| 要旨トップ | 目次 | | 日本生態学会第64回全国大会 (2017年3月、東京) 講演要旨 ESJ64 Abstract |
一般講演(ポスター発表) P2-H-254 (Poster presentation)
菌類メタバーコーディングは,特定の基質を対象とし,そこに含まれる菌類マーカー遺伝子を網羅的に検出・同定を行う方法である.従来の菌類の単離を伴うあるいは個々の菌類DNAを対象とした手法に比べて,菌類相調査を飛躍的に短時間で行えることから,様々な環境における調査で用いられ始めている.近年,森林内を流れる河川水中には,水中で生活する菌類に加えて,周囲の陸域(集水域)に生息する菌類の遺伝子が含まれうることが示された.これは,河川水を対象としたメタバーコーディングを行うことで,集水域の菌類相情報を得られる可能性を示している.しかし,従来の菌類メタバーコーディング研究の多くは,陸域における植物体や土壌中に含まれる菌類を対象としたものであり,河川水を対象とした研究は少ない.そのため,河川水中からどのような菌類が検出されるのか,そして菌類相は周囲の環境情報を反映するのか,あるいは空間構造を持っているのかはほとんど分かっていない.
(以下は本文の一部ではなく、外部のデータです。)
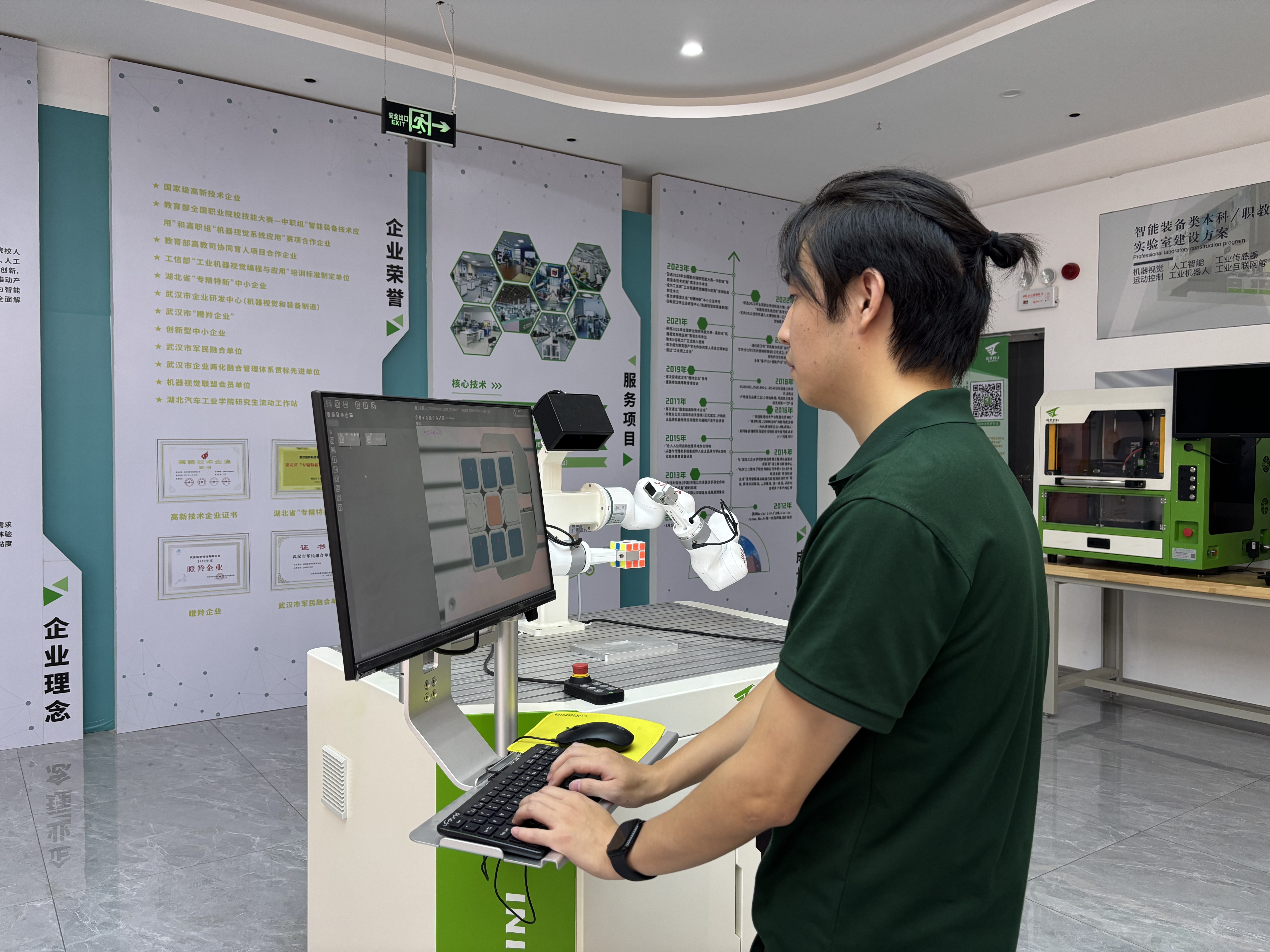2011年筑梦科技在汉成立之初,原本主要为工业企业开发机器视觉应用和自动化应用解决方案。“我们调研市场发现,一些应用型本科和职业院校的实验设备与工业实际差异较大,仅停留于原理或演示型实验设备进行实验,互动性相对较低,与真实工业现场关联也不强。”钟明介绍,在产教融合的市场机遇下,从2020年开始,筑梦科技结合自身对院校人工智能和智能相关专业人才培养的需求、服务企业现实生产的案例经验,开始针对性地研发各类机器人实训平台,把“模拟生产线”带入校园。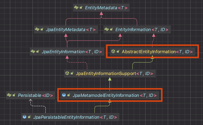 JpaEntityInformation 인터페이스의 다이어그램이며, JpaMetamodelEntityInformation과 AbstractEntityInformation의 isNew() 메서드가 동작한다.

そこで本研究では,河川水を対象とした菌類メタバーコーディングを行うことで,河川水中にどのような菌類が含まれているのか,そして菌類相は周囲(集水域)の環境を反映しているのかを調査することを目的とした.サンプリングは,2015年の5月,9月,10月に兵庫県西部にある揖保川上流域で行った.異なる支流を含む計19点(約10㎞以内)において,川の中心部から1-5Lの水を採集した.採集した河川水はフィルターろ過を行い,ろ紙からキットにより全DNAを抽出した.MiSeqを用いて各サンプル中に含まれる菌類ITS1領域の塩基配列を決定した.配列は97%の相同性により操作的分類群(OTU)にまとめ,データベースとの比較により分類群の推定を行った.本発表では,調査地から検出された菌類の分類群・機能群と,調査点間の菌類相の類似性とその要因についての解析結果を紹介する.